I've set the library up, however, so that you can very easily switch this algorithm for another one if you so wish.
The ideal situation is in knowing the maximum number of 'rows' of data which you wish to store and then allocating the correponding amount of memory. However, if you do not know the max, then simply allocate as much memory as you feel comfortable. The library will automatically handle all 'collisions'.
Commands
- HT_CreateHashTable(numberofindexes)
-the bigger the value of 'numberofindexes' the less chance of 'collision'.
Note that this value is not an upper-limit to the amount of data you can store in the hash table.

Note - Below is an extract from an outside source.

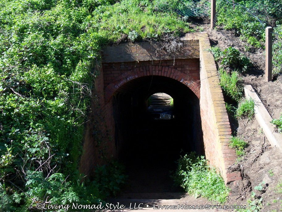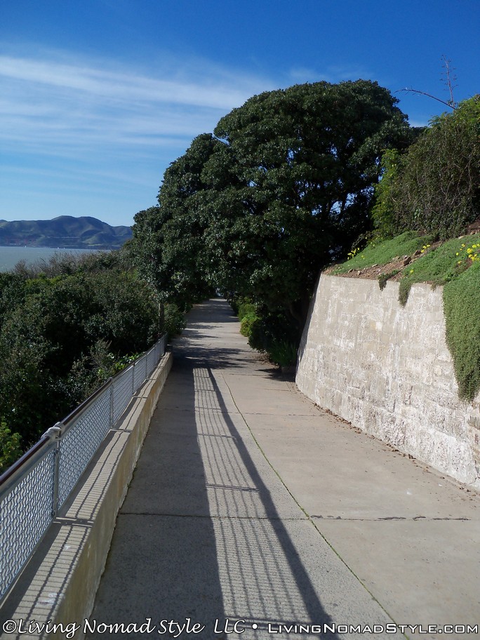 From here we followed a dual foot and biking path up towards the bridge. We took a path less traveled and it brought us by different Batteries (areas of gun powder and weapon storage) that were used to defend the harbor area. We eventually went through a tunnel and came out near the information center. It did afford us a few picture moments to snag great images of the Golden Gate Bridge.

There is no such limit (apart from the amount of physical memory!)
The return value is needed to identify the hash table with certain other functions etc.
- HT_AddItem(HTid, key$, userdata)
-'HTid' is the value returned from the HT_CreateHashTable() command.
- HT_IsKeyPresent(HTid, key$)
- HT_GetItem(HTid, key$)
- HT_RemoveItem(HTid, key$)
- HT_RemoveHashTable(HTid)
- HT_CreateHash(numelementsintable, key$)
Library + example in next post.
Posted: Sun Nov 19, 2006 5:23 pm
by srod
Example program:
Code: Select all
;HASH TABLES
;Stephen Rodriguez; November 2006.
;********************************************
;*Example. *
;********************************************
XIncludeFile "PB hashtables.pbi"
DisableExplicit
;Create a hash table of 100 indexes. (No real limit to how many tables you can create,
;heck you can have an array of them if you wish!)
;The 100 indexes is not a limit on the amount of entries we can add to the hash table.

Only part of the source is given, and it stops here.